Data excerpts

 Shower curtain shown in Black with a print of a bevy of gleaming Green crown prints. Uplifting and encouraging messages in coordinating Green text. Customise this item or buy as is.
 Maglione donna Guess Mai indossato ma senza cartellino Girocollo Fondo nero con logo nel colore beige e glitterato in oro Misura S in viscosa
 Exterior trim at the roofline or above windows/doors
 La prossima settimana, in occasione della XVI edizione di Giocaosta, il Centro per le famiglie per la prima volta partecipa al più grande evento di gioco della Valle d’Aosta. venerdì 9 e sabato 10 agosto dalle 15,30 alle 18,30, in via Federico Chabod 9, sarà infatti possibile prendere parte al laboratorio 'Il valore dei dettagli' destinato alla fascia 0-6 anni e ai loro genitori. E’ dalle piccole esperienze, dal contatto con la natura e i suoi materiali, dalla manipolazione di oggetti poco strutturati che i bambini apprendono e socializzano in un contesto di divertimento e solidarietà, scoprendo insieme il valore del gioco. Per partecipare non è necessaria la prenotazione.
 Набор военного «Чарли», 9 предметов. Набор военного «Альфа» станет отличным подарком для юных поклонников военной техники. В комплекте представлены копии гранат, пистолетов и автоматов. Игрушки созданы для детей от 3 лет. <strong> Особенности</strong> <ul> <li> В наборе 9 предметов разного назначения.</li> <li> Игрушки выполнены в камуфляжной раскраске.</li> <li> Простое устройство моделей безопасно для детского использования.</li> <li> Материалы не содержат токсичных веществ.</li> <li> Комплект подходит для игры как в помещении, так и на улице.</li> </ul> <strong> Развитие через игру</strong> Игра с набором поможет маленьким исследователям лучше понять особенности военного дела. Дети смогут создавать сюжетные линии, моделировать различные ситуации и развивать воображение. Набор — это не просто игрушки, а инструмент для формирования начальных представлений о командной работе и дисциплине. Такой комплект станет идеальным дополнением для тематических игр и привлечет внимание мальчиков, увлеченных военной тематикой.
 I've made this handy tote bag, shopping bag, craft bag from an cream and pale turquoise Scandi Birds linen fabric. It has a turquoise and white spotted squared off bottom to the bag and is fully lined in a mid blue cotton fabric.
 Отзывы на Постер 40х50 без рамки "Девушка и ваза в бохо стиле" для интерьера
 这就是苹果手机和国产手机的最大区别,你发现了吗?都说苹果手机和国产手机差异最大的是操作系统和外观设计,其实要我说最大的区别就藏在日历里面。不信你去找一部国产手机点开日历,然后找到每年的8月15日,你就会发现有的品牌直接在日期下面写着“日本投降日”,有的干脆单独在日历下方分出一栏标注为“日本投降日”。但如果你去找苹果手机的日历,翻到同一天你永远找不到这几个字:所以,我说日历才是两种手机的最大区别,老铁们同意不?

# Directions for this task
Give back the lines of the data exactly as they are written, from the first line through the line containing "Exterior trim at".

# Answer box
 Shower curtain shown in Black with a print of a bevy of gleaming Green crown prints. Uplifting and encouraging messages in coordinating Green text. Customise this item or buy as is.
 Maglione donna Guess Mai indossato ma senza cartellino Girocollo Fondo nero con logo nel colore beige e glitterato in oro Misura S in viscosa
 Exterior trim at the roofline or above windows/doors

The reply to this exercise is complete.